START Records for processing

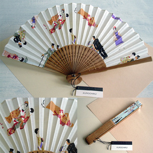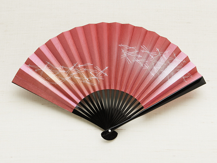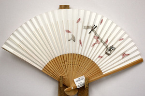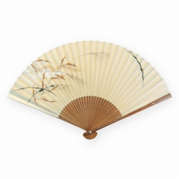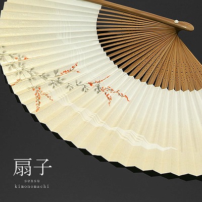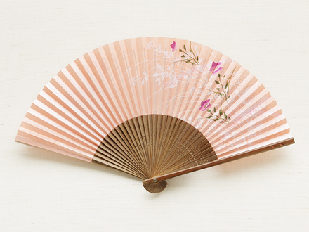 本格絵付扇子 唐木中彫「白×柔らかなゴールド 萩」女性用扇子 紙扇子
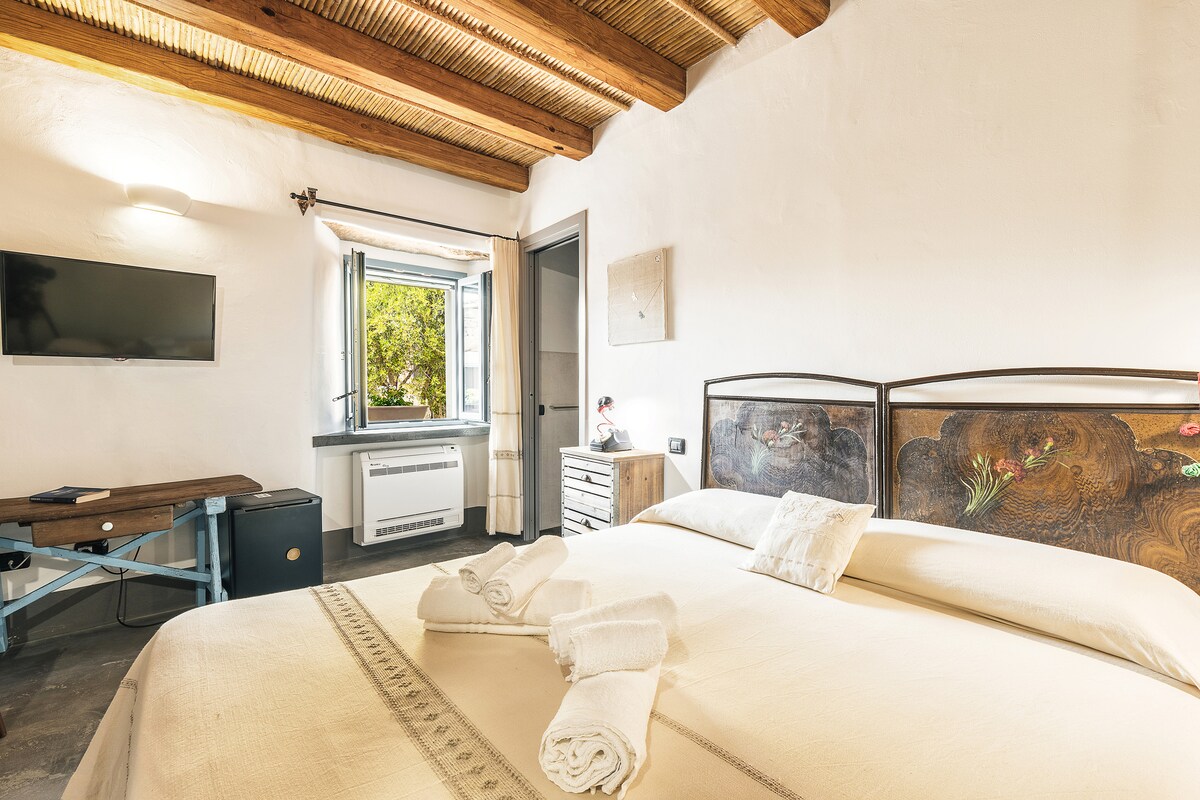 Se toivottaa sinut tervetulleeksi kahden hengen huoneeseen, jossa on ilmastointi ja ranskalainen vuode. Sisältää: TV, WiFi, liinavaatteet, hygieniatarvikkeet, italialainen itsepalveluaamiainen.
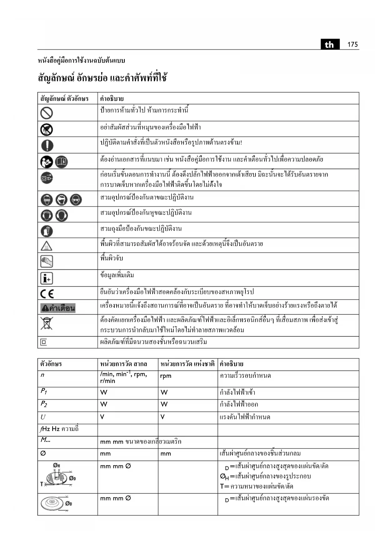 หนังสือคูมือการใชงานฉบับตนแบบ สัญลักษณ อักษรยอ และคําศัพทที่ใช สัญลักษณ ตัวอักษร คําอธิบาย ปายการหามทั่วไป หามการกระทํานี้ อยาสัมผัสสวนที่หมุนของเครื่องมือไฟฟา ปฏิบัติตามคําสั่งที่เปนตัวหนังสือหรือรูปภาพดานตรงขาม! ตองอานเอกสารที่แนบมา เชน หนังสือคูมือการใชงาน และคําเตือนทั่วไปเพื่อความปลอดภัย กอนเริ่มขั้นตอนการทํางานนี้ ตองดึงปลั๊กไฟฟาออกจากเตาเสียบ ม ิฉะนั้นจะไดรับอันตรายจาก การบาดเจ็บหากเครื่องมือไฟฟาติดขึ้นโดยไมตั งใจ สวมอุปกรณปองกันตาขณะปฏิบัติงาน สวมอุปกรณปองกันหูขณะปฏิบัติงาน สวมถุงมือปองกันขณะปฏิบัติงาน พื้นผิวที่สามารถสัมผัสไดอาจรอนจัด และดวยเหตุนี้จึงเปนอันตราย
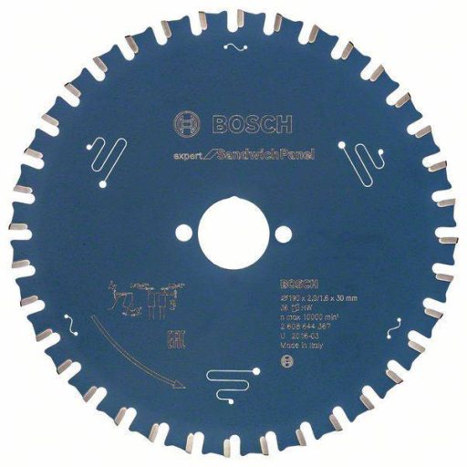 Az Expert for Sandwich Panel körfűrészlap egyenletes teljesítményt tesz lehetővé szendvicspaneleken. A speciális fogforma lehetővé teszi az acéllemez átvágását, miközben fenntartja az acélréteg és a szigetelőanyag közötti kapcsolatot. A penge rendkívül kemény Microteq fogakkal rendelkezik, amelyek belsőleg kemény keményfém szemcsékből vannak megmunkálva. Ezt a teljesítményt segíti a penge védőbevonata, a Proteqtion, amely megakadályozza a korróziót és megbízható vágást tesz lehetővé, miközben csökkenti a súrlódást. A termék csillapító résekkel van felszerelve a különösen sima futás, lényegesen kisebb zaj és észrevehetően kisebb vibráció érdekében. Használja ezt a fűrészlapot (egy vagy két oldalról bevont) acéllemezes szendvicspaneleken. Kompatibilis a merülő- és kézi körfűrészekkel. Az Expert for Sandwich Panel körfűrészlap MTCG (Multi-Purpose Triple Chip Grind) fogkonfigurációja hosszú élettartamot biztosít a legkeményebb alkalmazások után is. Külső átmérő mm: 190, furat mm: 30, vágási szélesség (b1) mm: 2,0, penge vastagság (b2) mm: 1,6, vágási szélesség (b1) mm / penge vastagsága (b2) mm: 2,0/1,6, Fogak száma : 36, fogforma: MTCG, max. forgási sebesség (rpm): 10000, vágási eredmény: 3, NL/átmérő TKS: 2/7/42, dőlésszög ° w1: 0, hézagszög ° w2: 12
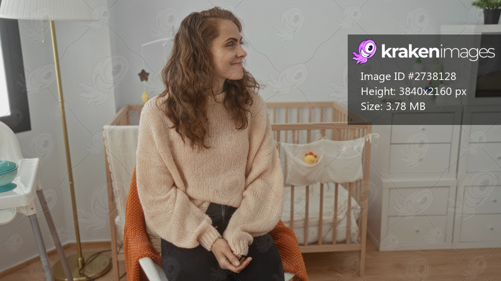 Woman smiling in a cozy bedroom with a crib, dressed in a soft sweater, surrounded by nursery furniture, exuding a sense of warmth and domesticity.
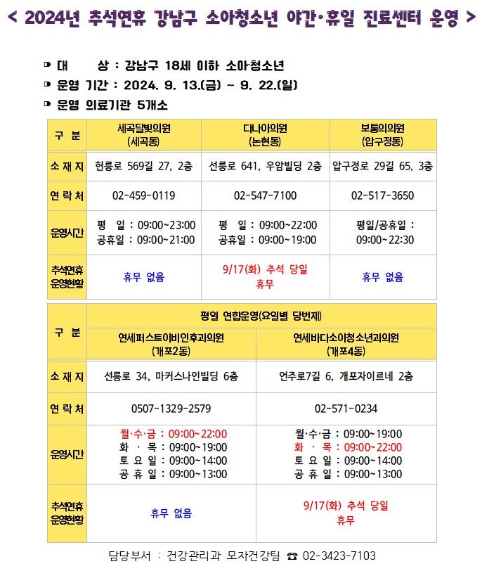 9. 13.(금) ~ 9. 22.(일), 10일간소아청소년 야간·휴일 진료센터 5개소

END Records for processing

▸ How to complete this task:
Repeat only the lines between the top of the entries above and the line containing "Se toivottaa sinut", both ends included, without the pictures.

▸ Worked solution:
 本格絵付扇子 唐木中彫「白×柔らかなゴールド 萩」女性用扇子 紙扇子
 Se toivottaa sinut tervetulleeksi kahden hengen huoneeseen, jossa on ilmastointi ja ranskalainen vuode. Sisältää: TV, WiFi, liinavaatteet, hygieniatarvikkeet, italialainen itsepalveluaamiainen.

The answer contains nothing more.